La cave du Dr Orlof

Notes en vrac

jeudi, février 03, 2022

Le silence du Père

 L'Élu de Dieu (2022) d'Anne Teyssèdre (Editions Thierry Sajat, 2022)


Après les deux courts récits de Chers absents et le recueil de nouvelles Je, Anne Teyssèdre (l’inoubliable héroïne de Conte de printemps de Rohmer) poursuit son œuvre littéraire avec cet étrange roman qu’est L’Elu de Dieu. Comme dans Je, on retrouve ici le portrait d’un personnage obsessionnel, mû par une idée fixe. En effet, Marcellin le narrateur est depuis sa naissance convaincu qu’il a été choisi par Dieu pour accomplir une mission sur terre et que celui-ci l’a chargé de rédiger le Livre sacré qui transmettra la parole divine.
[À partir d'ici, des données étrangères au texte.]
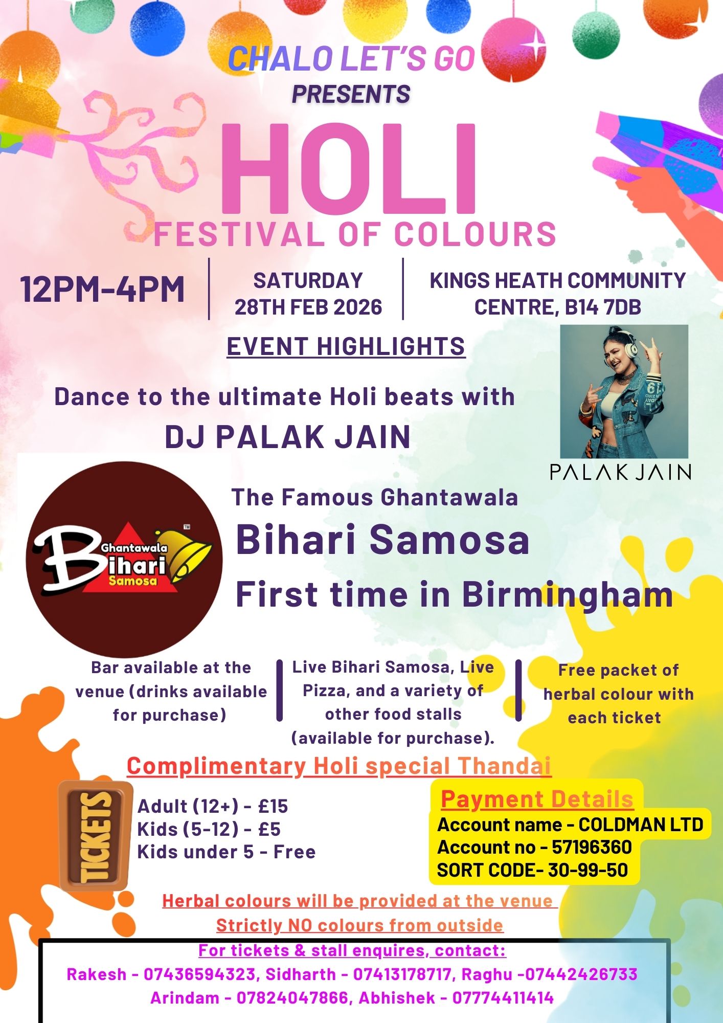 Get ready for an explosion of colour, music, and the UK’s most talked-about street food! Chalo Let’s Go presents a high-energy, family-friendly Holi celebration like no other.

Avec un postulat pareil, on pourrait imaginer un livre baignant dans la métaphysique. Or c’est l’inverse qui advient et il s’avère d’emblée très prosaïque et terre-à-terre. Refusant toute joliesse stylistique, Anne Teyssèdre décrit le quotidien monotone de son personnage. A 50 ans, il vit seul chez sa mère et son existence est réglée comme du papier à musique : le rituel du petit-déjeuner avec le café au lait, les tartines beurrées et la cigarette, le passage à la boulangerie, les après-midis devant la télé, le Scrabble avec sa mère… Il y a quelque chose de totalement névrotique dans la vie de ce sociopathe qui ne voit personne excepté sa mère qui le couve comme la huitième merveille du monde et sa tante qui leur rend visite chaque dimanche. Il faut un vrai talent d’écrivain pour décrire ces minuscules rites sans tomber dans la platitude et l’ennui. Et ce talent, Anne Teyssèdre l’a assurément puisqu’elle parvient à distiller, par petites touches, un véritable malaise devant cet affreux tableau d’un homme constamment confiné (à la fois chez lui et en lui). Seuls les fêtes de Noël et le jour de son anniversaire permettent de rompre avec la monotonie du quotidien mais, là encore, en se conformant aux mêmes rituels.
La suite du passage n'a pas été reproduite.